Montserrat Figueras, Lior Elmaleh, Hespèrion XXI et Jordi Savall, 2011. Bellaterra, Espagne, ALIA VOX, 454 p. + 2 CDs
Ce livre multimédia conçu par Jordi Savall et Montserrat Figueras sur la mer Méditerranée comme un carrefour de cultures et de leur musique se veut comme des dialogues multi-facettes entre orientaux et occidentaux, à travers l'histoire, avec leurs traditions et perspectives actuelles. Il est présenté par l'Institut Européen de la Méditerranée (IEM). Il a été rendu possible par une vaste collaboration et soutenu financièrement par l'IEM, la Fundació Centre Internacional de Música Antiga avec la Generalitat de Catalunya, l'Institut Ramon Llull et le Programme Culture et Éducation de la Commission européenne.
"Notre Mer. Cette expression si connue pour nous qui vivons sur les rives de la Méditerranée est la traduction de l'expression latine mare nostrum, que les Romains de l'Antiquité forgèrent au Iie siècle avant Jésus-Christ, lorsqu'ils prirent les îles de Corse, Sardaigne et Sicile des mains des Carthaginois durant les guerres puniques et qu'ils l'appliquèrent d'abord aux eaux de la Méditerranée occidentale. A partir de cette date, les imparables conquêtes de Rome, d'Hispania jusqu'en Egypte, firent en sorte que, vers les années 30 av. J.C, l'expression mare nostrum puisse s'appliquer à la totalité de la Méditerranée, laissant le terme oceanus pour la vaste et dangereuse mer qui s'étendait au-delà du Cap de Gibraltar. Le célèbre historien Salluste (86-35 av. J.-C), l'appelait mare internum parce que depuis la sortie occidentale des Colonnes d'Hercule jusqu'aux terres levantines de Phénicie et de Syrie, elle était entourée de terres. Les Grecs, avant les Romains, avaient appelé mesogeios, c'est-à-dire «entouré de terres», la mer qu'ils parcouraient d'île en île. C'est cette traduction qui finalement allait s'imposer en latin: la mare mediterrae est notre Méditerranée (d'après ce que commente Isidore de Séville au VIIe siècle)." Manuel Forcano, Ecrivain (traduction Irène Bloc), p. 18.
Les textes d'accompagnement sont une réflexion sur le dialogue des âmes à travers la Méditerranée, ses millénaires d'échange, de la guerre, de la coopération, des malentendus et de l'influence mutuelle.

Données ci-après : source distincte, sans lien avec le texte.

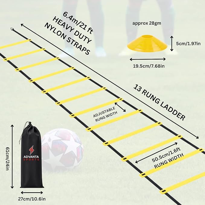 - ✅ PREMIUM AGILITY LADDER SET – The 21-foot agility ladder, 13 cones, 1 carry bag, & 4 stakes are all part of the ADVANTA SPORTS Agility Ladder Training Set. Everything is included to increase your explosiveness, agility, speed, &fitness. Designed for: football equipment, boxing training equipment, agility ladder and hurdles, football ladder, speed and agility training equipment, soccer practice equipment, basketball equipment training, speed ladder agility ladder, soccer coach, soccer trainer.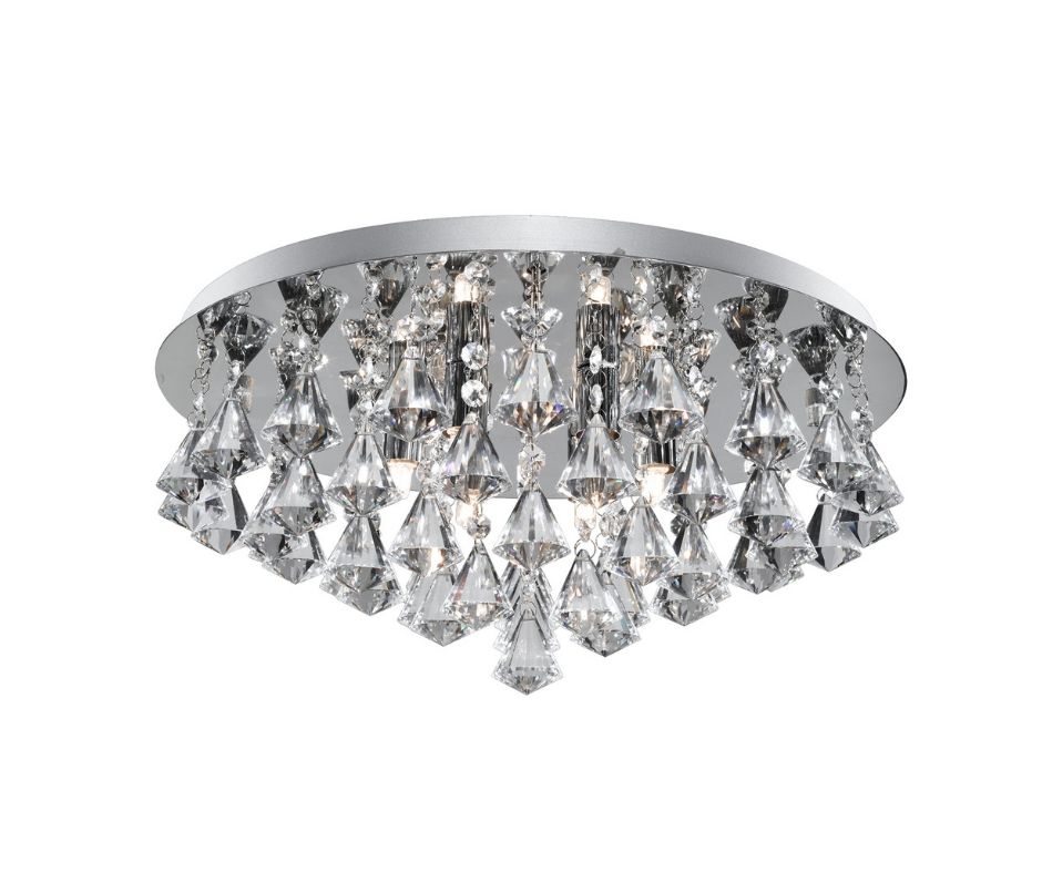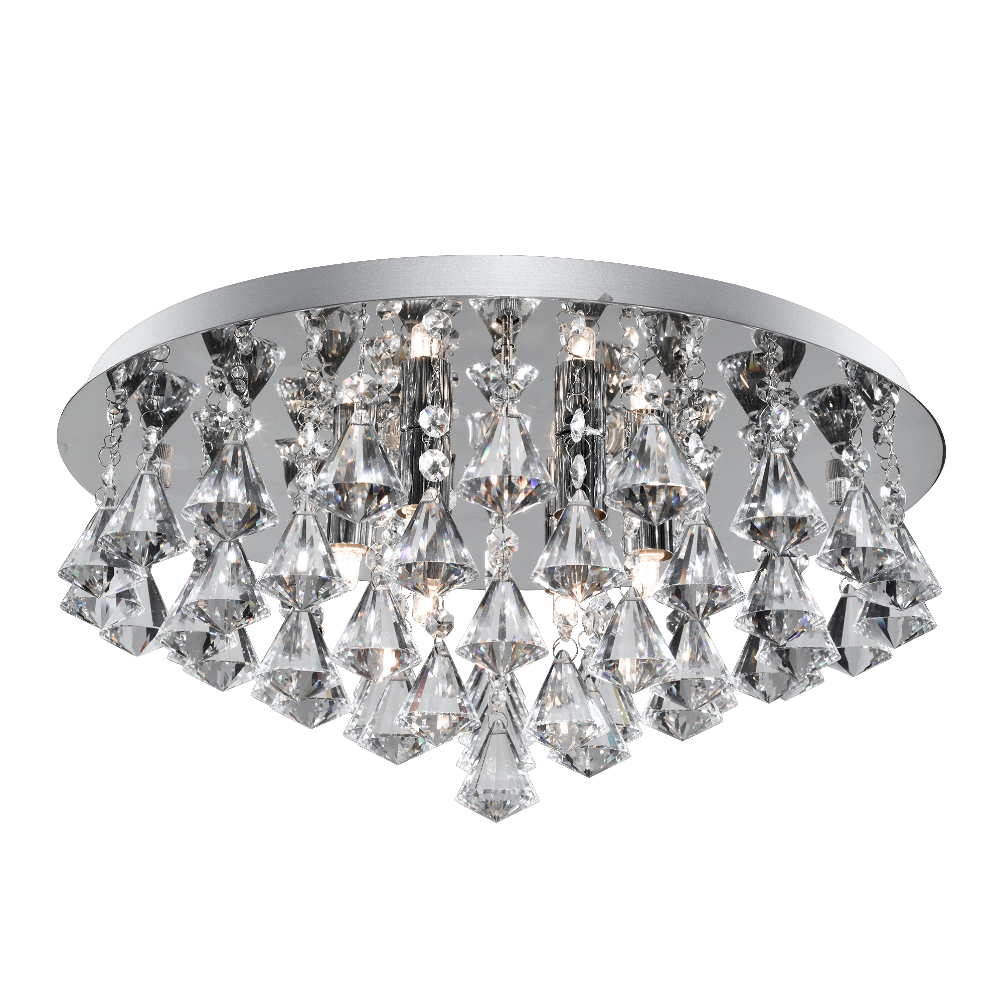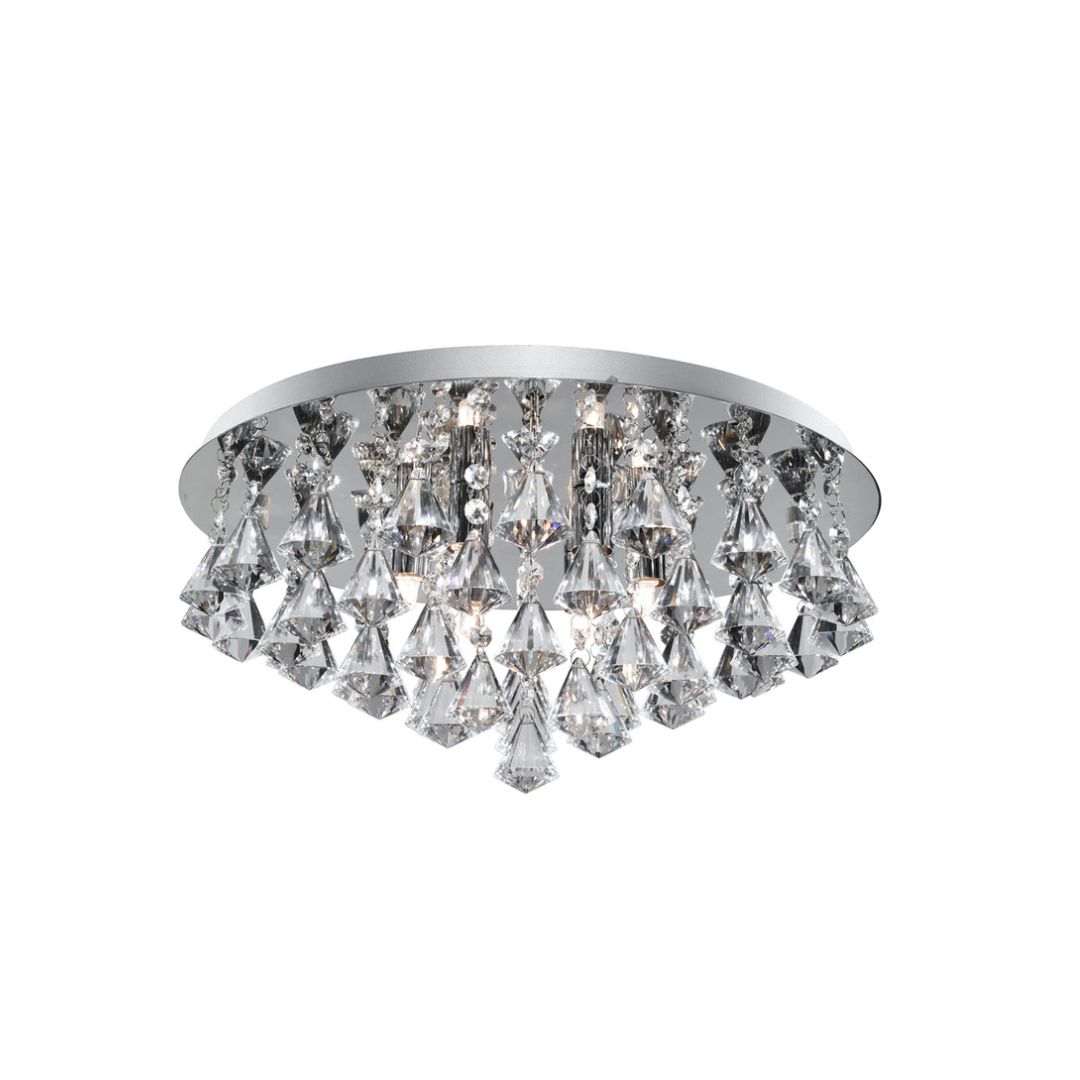 HANNA 6x zdroj, přisazené svítidlo na strop, chrom a čiré křišťálové ověsy ve tvaru pyramidek
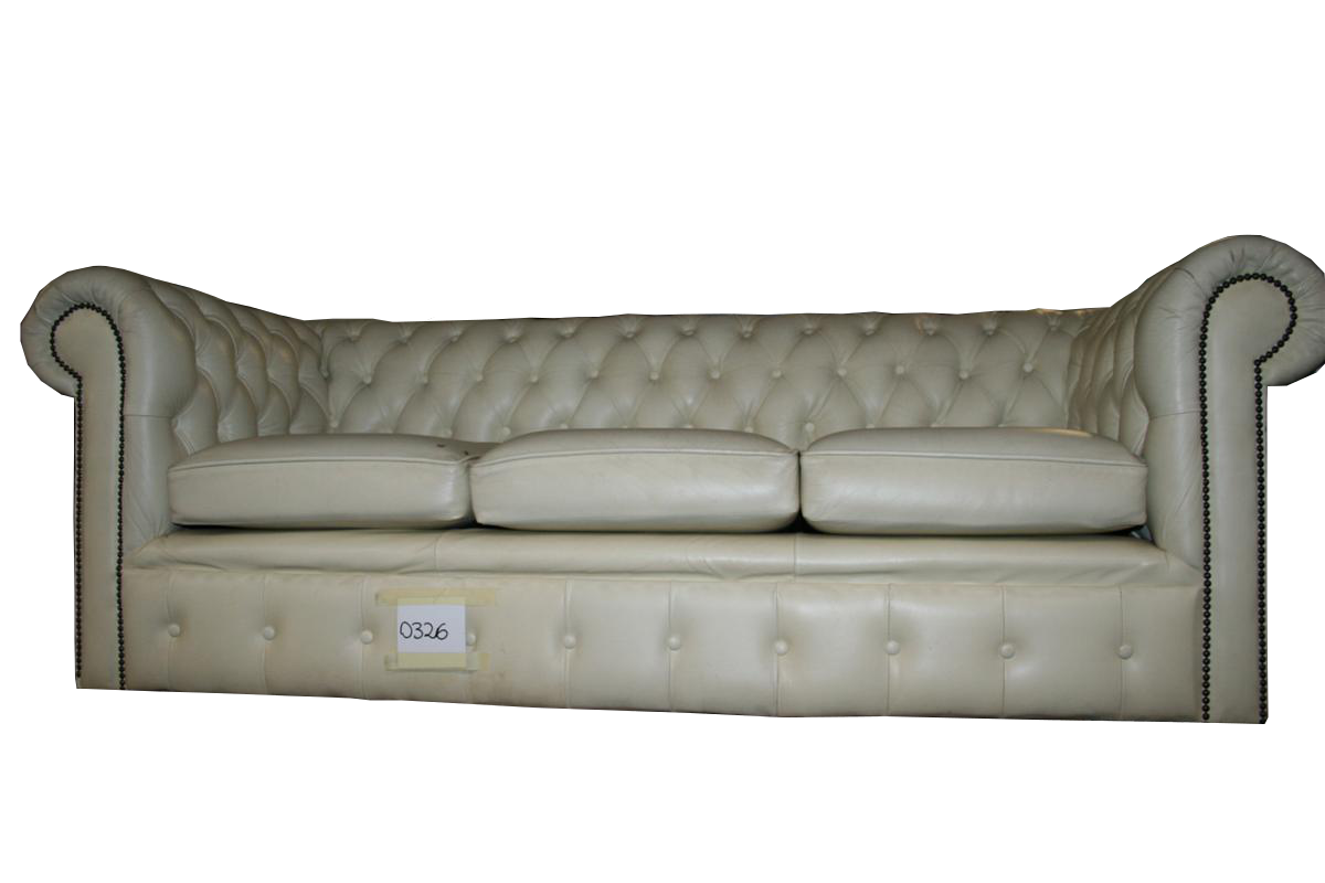 Divano chesterfield vintage inglese a tre posti, con capitonnèe in pelle color panna, su ruote.
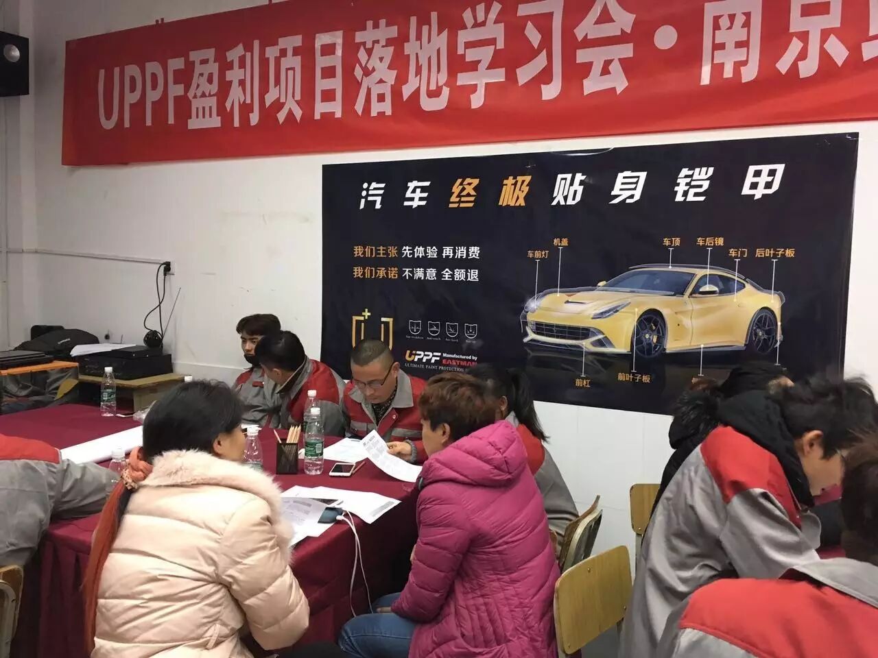 此次学习为期5天,主要是通过深入学习UPPF产品、产品营销、行业动态、市场发展方向、透明膜施工技术,对学员深入灌输技术指导,让学员掌握最新、最先进的配套设备与技术的同时,还通过一对一的实战训练让学员掌握透明膜施工技术、自主经营能力和多种营销技巧。帮助提升学员的营销力,充分了解卖点、产品特性及销售话术从而更好的销售产品。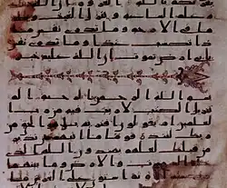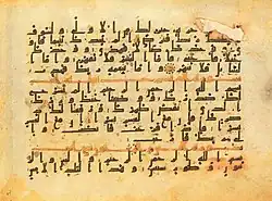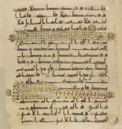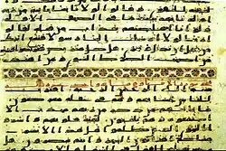 Written in the territory of modern Iraq in the Kufic script. Now kept in the Hast Imam library, in Tashkent, Uzbekistan.[42][43] Its verse endings are marked by small panels of diagonals lines; the tenth verse is marked with a square medallion illuminated in blue, green, red and manganese with a stellar design.[44]

Ils sont d'Amin Maalouf, écrivain, Jordi Savall, musicien de viole, chef d'orchestre et compositeur, Manuel Forcano, écrivain, Fernand Braudel, historien, Pedrag Matvejevic, essayiste et écrivain, Amnon Shiloah, musicologue, Tahar Ben Jelloun, écrivain et poète, Rossend Domènech, journaliste, et Sergi Grau Torras, historien. Les textes sont présentés en arabe, espagnol, catalan, allemand, anglais, français, grec, italien, turc et l'hébreu
Les deux CD sont intitulées «Mare Nostrum - Orient - Occident: Dialogues. Dialogues de la musique chrétienne, musulmane et juive autour de la Méditerranée ». Ils enchantent l'auditeur avec 8 morceaux arabo-turques, six pièces en hébreu, sept pièces chrétiennes et d'autres sept pièces d'origine mixte. Les textes sont d'anciennes sources hispaniques, les mélodies et les instrumentaux d'influence sépharade et orientale. La musique, encore plus que que les textes, est évocatrice de l'échange profond qui dure depuis des millénaires à travers la Méditerranée. Le livre multimédia est un rappel opportun de la profondeur de l'influence mutuelle qui peut être tracée dans l'histoire, les noms, les communautés de migrants et beaucoup de pratiques d'aujourd'hui, même si les gens sur la côte nord, sud, est et ouest n'y sont pas toujours conscients et ne sont pas engagés dans un dialogue actif à l'heure actuelle. Laissez la culture partagée devenir un lien afin de se reconnecter pacifiquement à l'autre.
Les enrégistrements de la musique sur des instruments traditionnels ont été réalisés par Manuel Mohino les 2 et 3 décembre 2009 à la Chapelle de la Miséricorde, à Marseille, le 20 août 2010 à l'église de Franc-Warêt, en Belgique, les 7 et 8 septembre 2010 au monastère de Saint-Pierre de Rhodes, les 1 novembre 2010, 19 janvier 2011 et 15 et 18 mai 2011 à la Collégiale de Cardona, Catalogne, et enfin le 14 juillet 2011 à l'Abbaye de Fontfroide, en France.